START Data extract
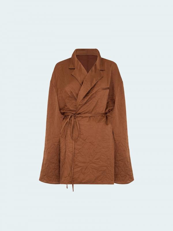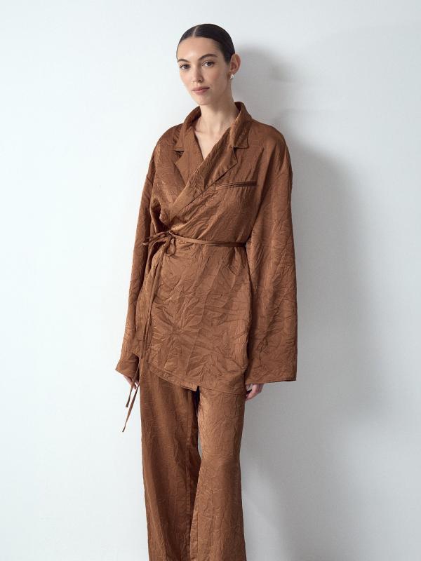 Золотисто-коричневое кимоно из гладкого материала с жатым эффектом создаст непринуждённый образ для вечеринки или выходного дня. Дополнено завязкой в талии, что позволяет подогнать вещь под свои параметры парой движений. Кимоно выполнено без подкладки, подходит в качестве второго слоя. Лучшее сочетание — с базовым топом и брюками из комплекта.
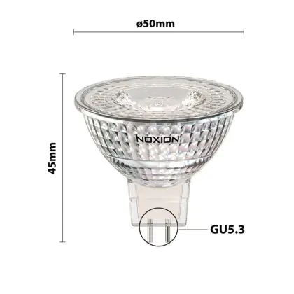 Depuis des années, Noxion est la marque de luminaires qui connaît la plus forte croissance en Europe. Et cela se reflète dans la qualité de cette ampoule LED GU5.3 (MR16) Noxion. Une bonne occasion de dire au revoir à votre ampoule halogène GU5.3 et de choisir ce remplacement LED écologique, durable et efficace. Avec cette ampoule LED GU5.3 Noxion, vous bénéficierez entre autres d'un rendement lumineux élevé de 345 lumens, cette ampoule vous propose une durée de vie de 15000 heures.
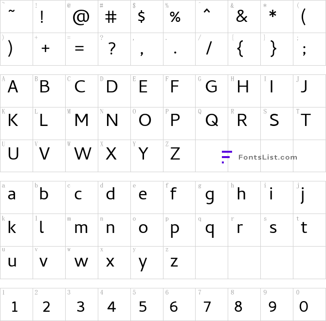 Font Character map
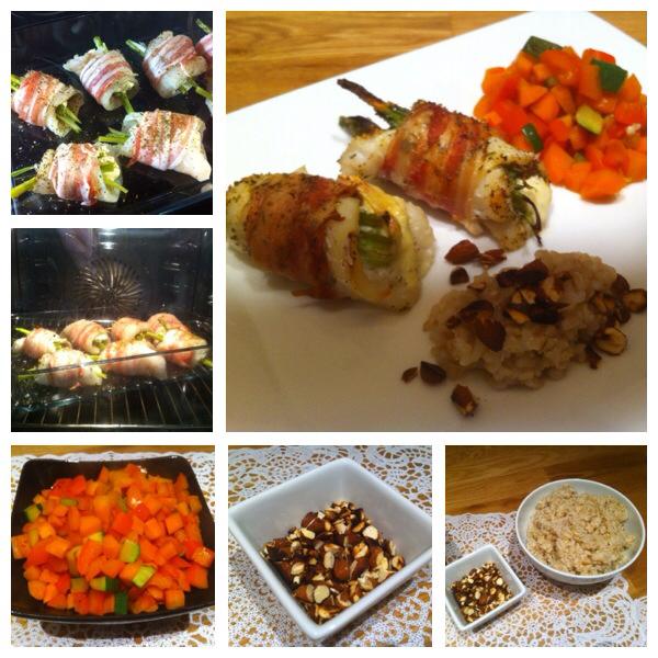Krydda fiskinn og rúlla upp með beikoni 🙂
END Data extract
What to do: Write out, please, the lines of the listing above from the one with "Depuis des années, Noxion" through the very last, exactly as given and with no pictures.

Task output:
 Depuis des années, Noxion est la marque de luminaires qui connaît la plus forte croissance en Europe. Et cela se reflète dans la qualité de cette ampoule LED GU5.3 (MR16) Noxion. Une bonne occasion de dire au revoir à votre ampoule halogène GU5.3 et de choisir ce remplacement LED écologique, durable et efficace. Avec cette ampoule LED GU5.3 Noxion, vous bénéficierez entre autres d'un rendement lumineux élevé de 345 lumens, cette ampoule vous propose une durée de vie de 15000 heures.
 Font Character map
Krydda fiskinn og rúlla upp með beikoni 🙂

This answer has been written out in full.